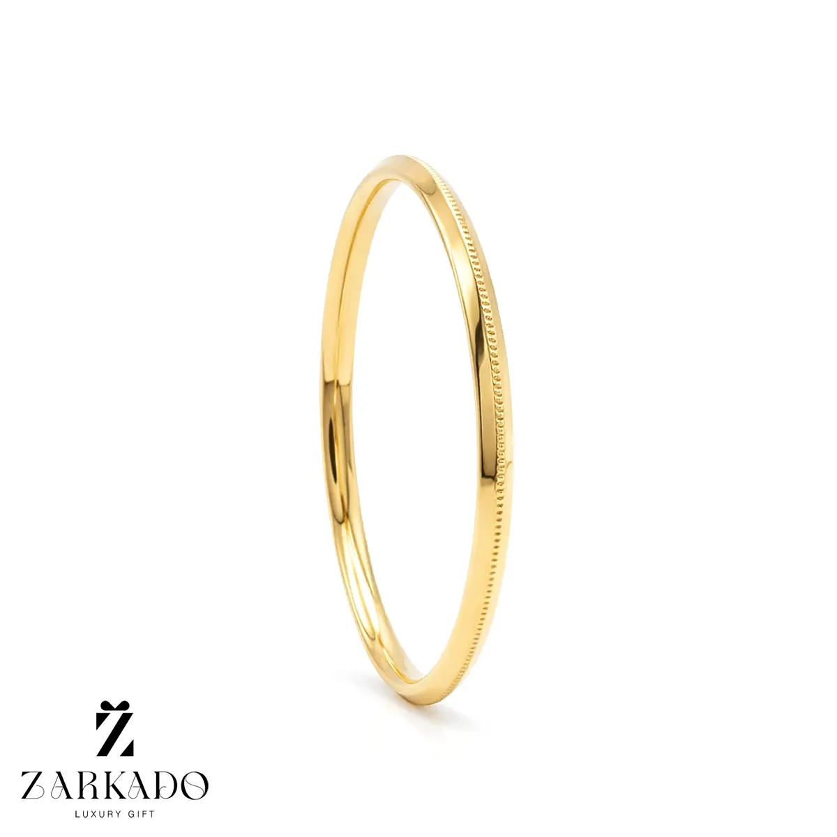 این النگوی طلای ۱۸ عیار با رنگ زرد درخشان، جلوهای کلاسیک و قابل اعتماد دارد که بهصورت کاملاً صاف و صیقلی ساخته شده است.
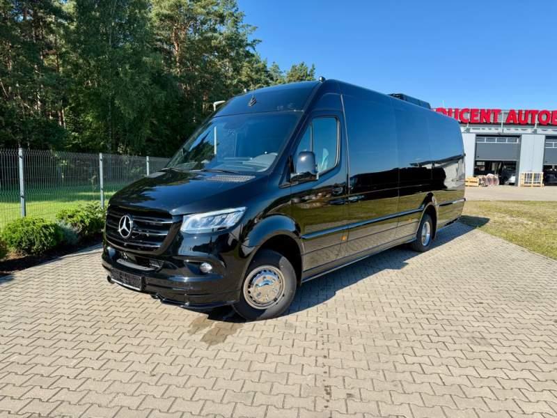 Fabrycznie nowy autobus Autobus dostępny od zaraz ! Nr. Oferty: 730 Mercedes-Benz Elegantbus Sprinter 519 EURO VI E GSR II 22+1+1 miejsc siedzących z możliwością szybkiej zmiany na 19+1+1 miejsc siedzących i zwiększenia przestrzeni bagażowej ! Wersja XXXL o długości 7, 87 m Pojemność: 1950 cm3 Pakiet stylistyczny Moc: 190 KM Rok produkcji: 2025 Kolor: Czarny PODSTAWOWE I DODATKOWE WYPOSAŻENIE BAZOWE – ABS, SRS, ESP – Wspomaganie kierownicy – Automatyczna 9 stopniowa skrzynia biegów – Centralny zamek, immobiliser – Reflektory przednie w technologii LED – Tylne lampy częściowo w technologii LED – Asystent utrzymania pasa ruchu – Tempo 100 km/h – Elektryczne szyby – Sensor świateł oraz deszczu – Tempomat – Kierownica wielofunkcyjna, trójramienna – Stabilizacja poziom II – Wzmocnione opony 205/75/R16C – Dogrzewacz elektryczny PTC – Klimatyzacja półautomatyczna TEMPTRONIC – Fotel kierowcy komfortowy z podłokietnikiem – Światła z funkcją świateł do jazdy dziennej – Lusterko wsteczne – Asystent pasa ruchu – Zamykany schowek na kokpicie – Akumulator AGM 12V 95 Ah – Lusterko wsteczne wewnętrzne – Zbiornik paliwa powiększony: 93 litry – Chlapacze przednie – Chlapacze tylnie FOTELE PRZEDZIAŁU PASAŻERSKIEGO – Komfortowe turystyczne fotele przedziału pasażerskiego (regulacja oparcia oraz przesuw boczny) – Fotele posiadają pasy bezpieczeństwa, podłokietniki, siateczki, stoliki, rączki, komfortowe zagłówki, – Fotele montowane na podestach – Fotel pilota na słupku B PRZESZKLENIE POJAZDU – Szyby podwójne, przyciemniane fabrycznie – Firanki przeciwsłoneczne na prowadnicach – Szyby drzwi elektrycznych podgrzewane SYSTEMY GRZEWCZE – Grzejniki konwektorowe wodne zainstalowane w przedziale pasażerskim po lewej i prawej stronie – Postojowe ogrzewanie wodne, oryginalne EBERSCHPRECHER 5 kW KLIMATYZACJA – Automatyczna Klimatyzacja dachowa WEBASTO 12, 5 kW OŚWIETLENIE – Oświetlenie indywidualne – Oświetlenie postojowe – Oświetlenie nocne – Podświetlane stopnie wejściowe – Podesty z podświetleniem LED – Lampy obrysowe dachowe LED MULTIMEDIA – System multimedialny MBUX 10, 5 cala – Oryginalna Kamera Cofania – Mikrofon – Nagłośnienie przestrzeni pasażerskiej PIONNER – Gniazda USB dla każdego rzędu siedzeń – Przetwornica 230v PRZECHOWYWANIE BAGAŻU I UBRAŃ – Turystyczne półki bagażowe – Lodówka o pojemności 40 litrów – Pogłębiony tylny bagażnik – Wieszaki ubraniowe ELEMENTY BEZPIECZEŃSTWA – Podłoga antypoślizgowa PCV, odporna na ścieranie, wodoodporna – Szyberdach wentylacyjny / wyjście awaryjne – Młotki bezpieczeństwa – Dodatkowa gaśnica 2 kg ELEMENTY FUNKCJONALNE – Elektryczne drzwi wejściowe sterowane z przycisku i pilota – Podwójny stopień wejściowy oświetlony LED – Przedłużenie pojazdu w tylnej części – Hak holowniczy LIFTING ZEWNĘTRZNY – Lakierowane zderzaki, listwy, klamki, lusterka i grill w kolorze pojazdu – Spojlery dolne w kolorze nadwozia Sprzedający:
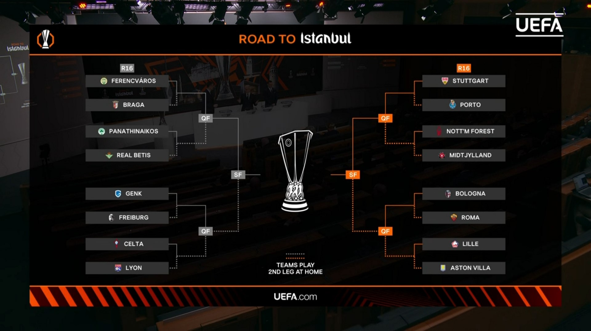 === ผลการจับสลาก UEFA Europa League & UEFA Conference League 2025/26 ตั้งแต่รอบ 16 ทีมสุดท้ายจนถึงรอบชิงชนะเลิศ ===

*Your goal*:
Print the listing again exactly as it appears, except for the pictures, which stay out.

*Task answer*:
 این النگوی طلای ۱۸ عیار با رنگ زرد درخشان، جلوهای کلاسیک و قابل اعتماد دارد که بهصورت کاملاً صاف و صیقلی ساخته شده است.
 Fabrycznie nowy autobus Autobus dostępny od zaraz ! Nr. Oferty: 730 Mercedes-Benz Elegantbus Sprinter 519 EURO VI E GSR II 22+1+1 miejsc siedzących z możliwością szybkiej zmiany na 19+1+1 miejsc siedzących i zwiększenia przestrzeni bagażowej ! Wersja XXXL o długości 7, 87 m Pojemność: 1950 cm3 Pakiet stylistyczny Moc: 190 KM Rok produkcji: 2025 Kolor: Czarny PODSTAWOWE I DODATKOWE WYPOSAŻENIE BAZOWE – ABS, SRS, ESP – Wspomaganie kierownicy – Automatyczna 9 stopniowa skrzynia biegów – Centralny zamek, immobiliser – Reflektory przednie w technologii LED – Tylne lampy częściowo w technologii LED – Asystent utrzymania pasa ruchu – Tempo 100 km/h – Elektryczne szyby – Sensor świateł oraz deszczu – Tempomat – Kierownica wielofunkcyjna, trójramienna – Stabilizacja poziom II – Wzmocnione opony 205/75/R16C – Dogrzewacz elektryczny PTC – Klimatyzacja półautomatyczna TEMPTRONIC – Fotel kierowcy komfortowy z podłokietnikiem – Światła z funkcją świateł do jazdy dziennej – Lusterko wsteczne – Asystent pasa ruchu – Zamykany schowek na kokpicie – Akumulator AGM 12V 95 Ah – Lusterko wsteczne wewnętrzne – Zbiornik paliwa powiększony: 93 litry – Chlapacze przednie – Chlapacze tylnie FOTELE PRZEDZIAŁU PASAŻERSKIEGO – Komfortowe turystyczne fotele przedziału pasażerskiego (regulacja oparcia oraz przesuw boczny) – Fotele posiadają pasy bezpieczeństwa, podłokietniki, siateczki, stoliki, rączki, komfortowe zagłówki, – Fotele montowane na podestach – Fotel pilota na słupku B PRZESZKLENIE POJAZDU – Szyby podwójne, przyciemniane fabrycznie – Firanki przeciwsłoneczne na prowadnicach – Szyby drzwi elektrycznych podgrzewane SYSTEMY GRZEWCZE – Grzejniki konwektorowe wodne zainstalowane w przedziale pasażerskim po lewej i prawej stronie – Postojowe ogrzewanie wodne, oryginalne EBERSCHPRECHER 5 kW KLIMATYZACJA – Automatyczna Klimatyzacja dachowa WEBASTO 12, 5 kW OŚWIETLENIE – Oświetlenie indywidualne – Oświetlenie postojowe – Oświetlenie nocne – Podświetlane stopnie wejściowe – Podesty z podświetleniem LED – Lampy obrysowe dachowe LED MULTIMEDIA – System multimedialny MBUX 10, 5 cala – Oryginalna Kamera Cofania – Mikrofon – Nagłośnienie przestrzeni pasażerskiej PIONNER – Gniazda USB dla każdego rzędu siedzeń – Przetwornica 230v PRZECHOWYWANIE BAGAŻU I UBRAŃ – Turystyczne półki bagażowe – Lodówka o pojemności 40 litrów – Pogłębiony tylny bagażnik – Wieszaki ubraniowe ELEMENTY BEZPIECZEŃSTWA – Podłoga antypoślizgowa PCV, odporna na ścieranie, wodoodporna – Szyberdach wentylacyjny / wyjście awaryjne – Młotki bezpieczeństwa – Dodatkowa gaśnica 2 kg ELEMENTY FUNKCJONALNE – Elektryczne drzwi wejściowe sterowane z przycisku i pilota – Podwójny stopień wejściowy oświetlony LED – Przedłużenie pojazdu w tylnej części – Hak holowniczy LIFTING ZEWNĘTRZNY – Lakierowane zderzaki, listwy, klamki, lusterka i grill w kolorze pojazdu – Spojlery dolne w kolorze nadwozia Sprzedający:
 === ผลการจับสลาก UEFA Europa League & UEFA Conference League 2025/26 ตั้งแต่รอบ 16 ทีมสุดท้ายจนถึงรอบชิงชนะเลิศ ===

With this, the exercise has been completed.